***** Available data

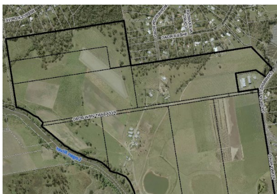
Pleasant View Road site (outlined in black)

Most activities will not cause disruption to surrounding residents. However, there may be some additional truck movements to and from the site via Chambers Flat Road and Pleasant View Road. Ground condition assessments will require the use of an excavator to dig test pits around the site.
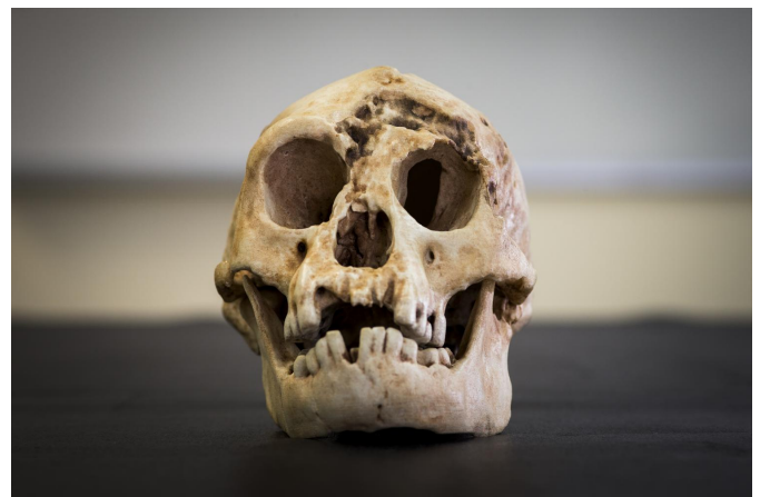
A reconstructed skull of Homo floresiensis .

"It's possible that Homo floresiensis evolved in Africa and migrated, or the common ancestor moved from Africa then evolved into Homo floresiensis somewhere."

**********

Problem to work on: Skip every picture and retype only the lines from the line with "Most activities will" through the last line of the listing, both ends included, exactly as they appear.

Completed task:
Most activities will not cause disruption to surrounding residents. However, there may be some additional truck movements to and from the site via Chambers Flat Road and Pleasant View Road. Ground condition assessments will require the use of an excavator to dig test pits around the site.
A reconstructed skull of Homo floresiensis .

"It's possible that Homo floresiensis evolved in Africa and migrated, or the common ancestor moved from Africa then evolved into Homo floresiensis somewhere."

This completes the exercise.